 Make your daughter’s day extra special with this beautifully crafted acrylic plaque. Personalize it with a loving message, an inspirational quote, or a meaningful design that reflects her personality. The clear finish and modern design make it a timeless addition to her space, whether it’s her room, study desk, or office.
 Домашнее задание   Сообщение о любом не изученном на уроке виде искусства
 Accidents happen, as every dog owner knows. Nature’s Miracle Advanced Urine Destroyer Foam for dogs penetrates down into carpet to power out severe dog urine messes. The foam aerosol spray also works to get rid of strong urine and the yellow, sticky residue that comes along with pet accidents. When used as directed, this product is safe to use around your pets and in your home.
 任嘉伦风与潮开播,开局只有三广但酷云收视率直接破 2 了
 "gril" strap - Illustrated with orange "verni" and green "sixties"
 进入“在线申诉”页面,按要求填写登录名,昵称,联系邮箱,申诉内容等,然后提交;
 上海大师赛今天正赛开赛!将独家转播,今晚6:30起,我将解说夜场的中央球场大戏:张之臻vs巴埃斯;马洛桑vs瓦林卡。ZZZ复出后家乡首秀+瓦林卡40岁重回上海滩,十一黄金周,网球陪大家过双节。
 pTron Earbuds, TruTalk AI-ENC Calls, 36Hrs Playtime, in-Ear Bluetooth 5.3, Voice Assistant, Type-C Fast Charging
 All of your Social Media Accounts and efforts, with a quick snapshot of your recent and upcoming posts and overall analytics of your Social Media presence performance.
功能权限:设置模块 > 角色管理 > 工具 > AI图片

--

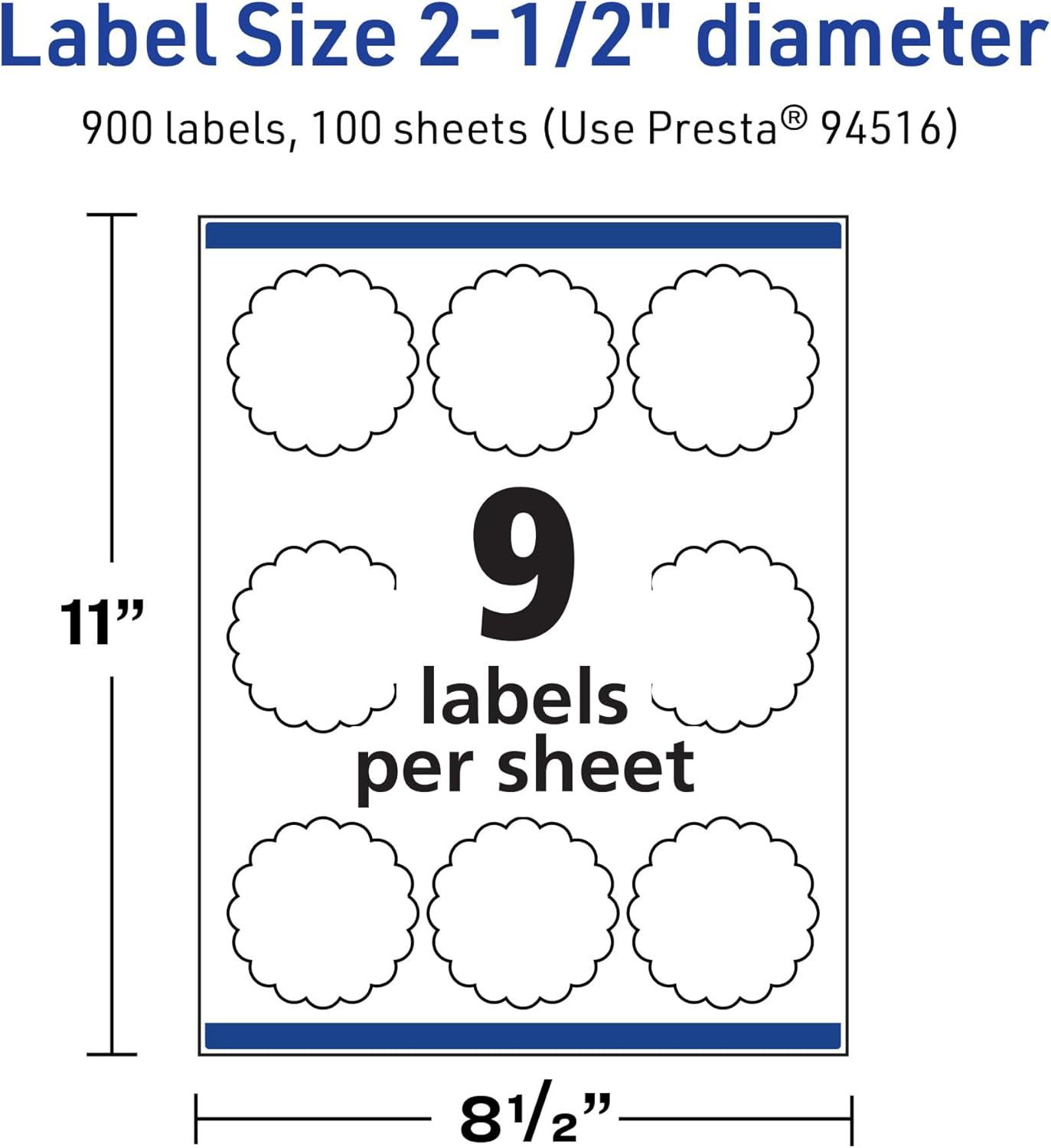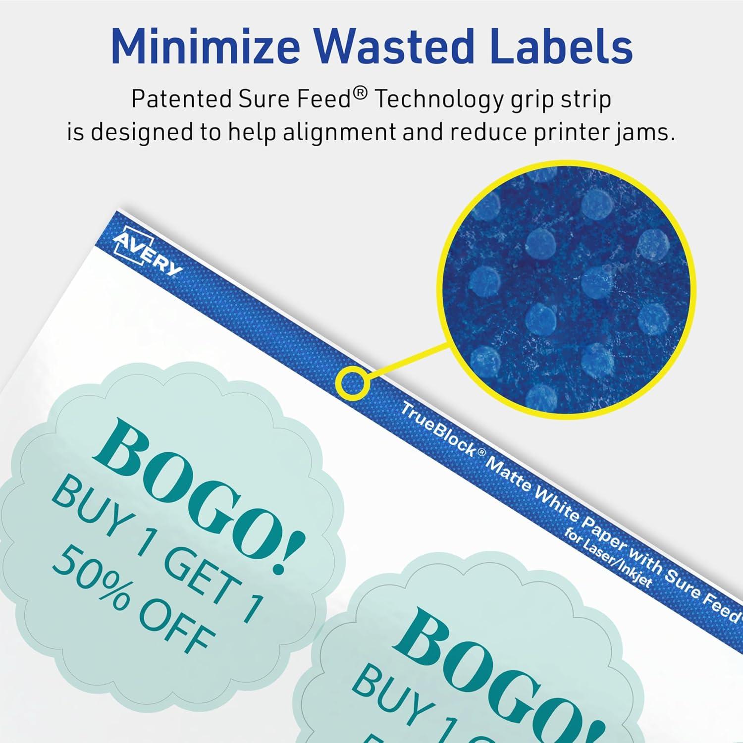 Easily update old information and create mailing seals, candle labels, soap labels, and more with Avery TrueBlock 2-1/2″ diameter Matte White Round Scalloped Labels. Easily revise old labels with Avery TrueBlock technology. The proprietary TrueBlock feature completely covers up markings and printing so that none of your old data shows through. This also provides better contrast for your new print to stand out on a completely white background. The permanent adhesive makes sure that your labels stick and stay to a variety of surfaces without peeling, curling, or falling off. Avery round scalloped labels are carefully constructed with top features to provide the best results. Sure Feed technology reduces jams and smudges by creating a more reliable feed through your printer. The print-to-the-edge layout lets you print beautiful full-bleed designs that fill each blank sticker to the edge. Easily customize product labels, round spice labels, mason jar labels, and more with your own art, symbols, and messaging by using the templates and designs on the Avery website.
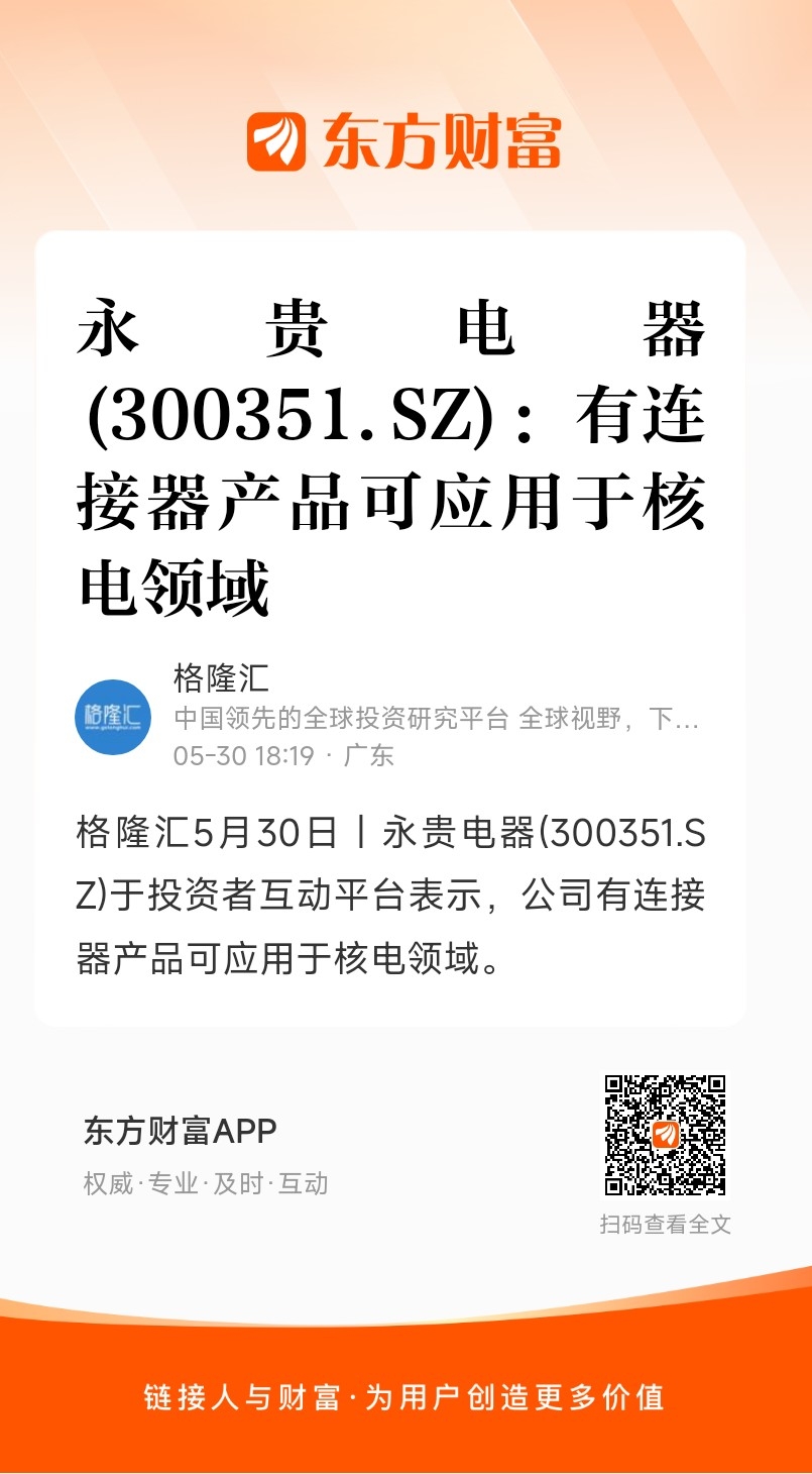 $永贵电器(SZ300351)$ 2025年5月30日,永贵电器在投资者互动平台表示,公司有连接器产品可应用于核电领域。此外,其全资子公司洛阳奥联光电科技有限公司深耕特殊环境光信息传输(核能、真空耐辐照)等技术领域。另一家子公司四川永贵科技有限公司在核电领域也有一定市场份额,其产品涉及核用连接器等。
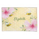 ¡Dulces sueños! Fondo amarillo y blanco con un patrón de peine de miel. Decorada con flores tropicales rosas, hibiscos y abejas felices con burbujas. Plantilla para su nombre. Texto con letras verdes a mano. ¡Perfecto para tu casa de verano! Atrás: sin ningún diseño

* * *

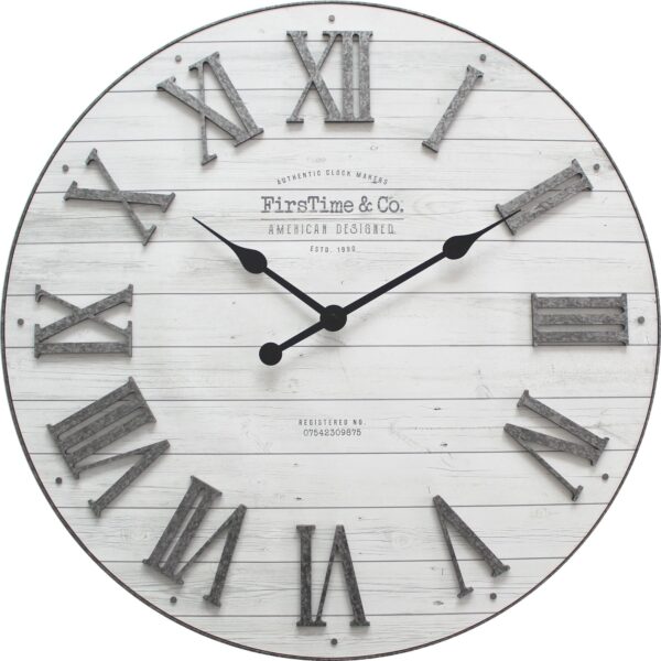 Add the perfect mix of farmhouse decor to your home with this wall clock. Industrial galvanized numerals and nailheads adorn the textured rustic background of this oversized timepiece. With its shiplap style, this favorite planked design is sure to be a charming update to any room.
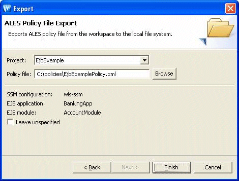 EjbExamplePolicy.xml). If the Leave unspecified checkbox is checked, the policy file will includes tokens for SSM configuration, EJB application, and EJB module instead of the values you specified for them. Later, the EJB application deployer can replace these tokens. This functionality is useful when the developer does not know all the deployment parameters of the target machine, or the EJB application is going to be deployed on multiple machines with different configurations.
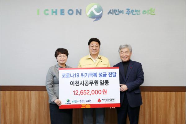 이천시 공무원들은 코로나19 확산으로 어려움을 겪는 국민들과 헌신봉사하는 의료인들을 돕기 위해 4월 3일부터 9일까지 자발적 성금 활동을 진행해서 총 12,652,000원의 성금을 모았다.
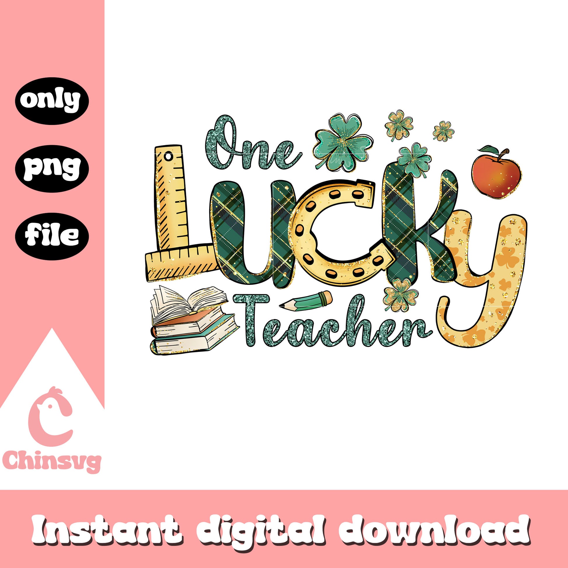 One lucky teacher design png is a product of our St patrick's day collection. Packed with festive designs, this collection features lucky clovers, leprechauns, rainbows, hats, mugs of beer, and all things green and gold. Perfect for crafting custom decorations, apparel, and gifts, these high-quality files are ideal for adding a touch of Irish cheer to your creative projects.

§ Required work: In the listing above, find the line containing "任嘉伦风与潮开播,开局只有三广但酷云收视率直接破 2 了" and the line containing "功能权限:设置模块 > 角色管理 > 工具 > AI图片", then repeat those two lines and everything between them exactly.

§ Answer to the exercise:
 任嘉伦风与潮开播,开局只有三广但酷云收视率直接破 2 了
 "gril" strap - Illustrated with orange "verni" and green "sixties"
 进入“在线申诉”页面,按要求填写登录名,昵称,联系邮箱,申诉内容等,然后提交;
 上海大师赛今天正赛开赛!将独家转播,今晚6:30起,我将解说夜场的中央球场大戏:张之臻vs巴埃斯;马洛桑vs瓦林卡。ZZZ复出后家乡首秀+瓦林卡40岁重回上海滩,十一黄金周,网球陪大家过双节。
 pTron Earbuds, TruTalk AI-ENC Calls, 36Hrs Playtime, in-Ear Bluetooth 5.3, Voice Assistant, Type-C Fast Charging
 All of your Social Media Accounts and efforts, with a quick snapshot of your recent and upcoming posts and overall analytics of your Social Media presence performance.
功能权限:设置模块 > 角色管理 > 工具 > AI图片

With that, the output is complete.